Some privacy activists on tech platforms say that while the potential abuse of privacy by the Chinese government is worrisome, other tech companies have data-gathering business practices that also exploit user information.

“If policymakers want to protect Americans from surveillance, they should support a basic privacy law that prohibits all companies from collecting so much sensitive data about us in the first place, rather than engaging in what looks like a xenophobic show that does nothing to protect users”, says Evan Greer, director of the non-profit organization “Fight for the Future”.

Karim Farhat, a researcher at the Internet Governance Project at Georgia Tech University, says the sale of TikTok would be “totally irrelevant in terms of alleged ‘national security’ threats” and would be against “any the State Department’s “Free Market Principles and Norms” on Internet Freedom Principles.

Others say there are legitimate reasons for concern.

People who use TikTok may think they’re not doing anything that might interest a foreign government, but that’s not always the case, says Anton Dahbura, executive director of the Information Security Institute at Johns Hopkins University. Information relevant to the United States is not strictly limited to nuclear power plants or military facilities, it extends to other sectors, such as food processing, the finance industry and universities, he added.
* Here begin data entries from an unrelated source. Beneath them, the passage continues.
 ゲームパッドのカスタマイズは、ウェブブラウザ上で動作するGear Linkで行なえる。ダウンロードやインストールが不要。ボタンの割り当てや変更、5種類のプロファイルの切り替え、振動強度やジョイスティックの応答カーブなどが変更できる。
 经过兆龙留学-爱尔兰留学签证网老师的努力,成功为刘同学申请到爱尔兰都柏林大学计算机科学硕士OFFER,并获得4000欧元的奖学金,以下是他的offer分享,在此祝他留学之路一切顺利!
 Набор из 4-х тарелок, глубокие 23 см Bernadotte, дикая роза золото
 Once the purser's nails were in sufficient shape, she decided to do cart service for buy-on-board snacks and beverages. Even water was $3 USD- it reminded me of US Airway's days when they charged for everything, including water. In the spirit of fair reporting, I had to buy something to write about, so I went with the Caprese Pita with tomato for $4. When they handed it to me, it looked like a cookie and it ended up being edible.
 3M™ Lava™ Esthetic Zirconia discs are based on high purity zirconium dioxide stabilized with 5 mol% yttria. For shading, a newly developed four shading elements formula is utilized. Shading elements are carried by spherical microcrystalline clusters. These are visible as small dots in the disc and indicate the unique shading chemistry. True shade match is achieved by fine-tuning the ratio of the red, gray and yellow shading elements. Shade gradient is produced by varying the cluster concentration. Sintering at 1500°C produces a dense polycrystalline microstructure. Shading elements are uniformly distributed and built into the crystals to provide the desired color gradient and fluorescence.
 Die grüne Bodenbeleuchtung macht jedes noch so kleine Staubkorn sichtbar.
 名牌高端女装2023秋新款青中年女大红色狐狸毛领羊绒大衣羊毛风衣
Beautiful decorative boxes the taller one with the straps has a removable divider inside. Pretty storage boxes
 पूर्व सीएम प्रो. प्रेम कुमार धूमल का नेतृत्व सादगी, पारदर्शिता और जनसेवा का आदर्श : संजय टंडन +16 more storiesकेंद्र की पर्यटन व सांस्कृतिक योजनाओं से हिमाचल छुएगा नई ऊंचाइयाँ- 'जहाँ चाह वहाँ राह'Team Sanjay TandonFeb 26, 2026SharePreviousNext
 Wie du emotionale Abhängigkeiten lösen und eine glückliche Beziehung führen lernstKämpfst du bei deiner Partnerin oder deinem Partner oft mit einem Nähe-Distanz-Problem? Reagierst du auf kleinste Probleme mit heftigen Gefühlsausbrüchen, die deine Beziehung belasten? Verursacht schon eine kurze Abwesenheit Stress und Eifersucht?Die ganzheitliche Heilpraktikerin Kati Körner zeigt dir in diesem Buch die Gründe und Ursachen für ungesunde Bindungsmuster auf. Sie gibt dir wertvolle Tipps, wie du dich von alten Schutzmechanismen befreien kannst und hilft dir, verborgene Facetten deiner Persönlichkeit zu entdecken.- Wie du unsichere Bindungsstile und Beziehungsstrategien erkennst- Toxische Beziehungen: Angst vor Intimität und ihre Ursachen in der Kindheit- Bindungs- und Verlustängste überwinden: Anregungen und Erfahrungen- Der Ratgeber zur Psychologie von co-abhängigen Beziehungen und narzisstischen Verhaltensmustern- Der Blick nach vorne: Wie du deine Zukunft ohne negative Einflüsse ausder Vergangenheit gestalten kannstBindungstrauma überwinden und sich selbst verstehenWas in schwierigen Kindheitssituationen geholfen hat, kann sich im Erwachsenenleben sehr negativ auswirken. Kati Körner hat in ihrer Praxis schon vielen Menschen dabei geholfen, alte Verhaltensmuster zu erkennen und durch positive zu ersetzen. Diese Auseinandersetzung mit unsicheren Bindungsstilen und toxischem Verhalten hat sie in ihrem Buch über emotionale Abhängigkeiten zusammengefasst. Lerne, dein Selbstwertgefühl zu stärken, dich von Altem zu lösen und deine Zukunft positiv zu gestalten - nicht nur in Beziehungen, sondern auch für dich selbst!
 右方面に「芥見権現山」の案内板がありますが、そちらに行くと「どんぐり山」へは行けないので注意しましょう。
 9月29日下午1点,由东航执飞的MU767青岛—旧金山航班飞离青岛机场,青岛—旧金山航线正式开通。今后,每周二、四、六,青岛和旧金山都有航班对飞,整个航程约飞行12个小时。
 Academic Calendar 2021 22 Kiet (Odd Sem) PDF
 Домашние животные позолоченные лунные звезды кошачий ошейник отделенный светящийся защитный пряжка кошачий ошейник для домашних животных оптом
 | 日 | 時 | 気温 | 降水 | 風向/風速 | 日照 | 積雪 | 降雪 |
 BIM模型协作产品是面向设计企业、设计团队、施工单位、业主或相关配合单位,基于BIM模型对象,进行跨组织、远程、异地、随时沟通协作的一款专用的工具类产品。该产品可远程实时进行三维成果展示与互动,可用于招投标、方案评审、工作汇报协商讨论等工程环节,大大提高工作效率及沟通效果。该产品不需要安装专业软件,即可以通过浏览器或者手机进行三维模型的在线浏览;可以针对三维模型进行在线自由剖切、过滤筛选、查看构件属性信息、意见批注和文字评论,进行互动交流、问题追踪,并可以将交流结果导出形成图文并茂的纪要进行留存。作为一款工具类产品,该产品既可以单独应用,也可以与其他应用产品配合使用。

Last year, the United States banned the sale of communications equipment made by Chinese companies Huawei and ZTE, citing risks to national security. But banning the sale of devices is easier than banning an app that users can access over the Internet.

Some civil liberties organizations have said such a decision could end up in the country’s courts on the grounds that it could violate the First Amendment to the US Constitution, which protects freedom of expression.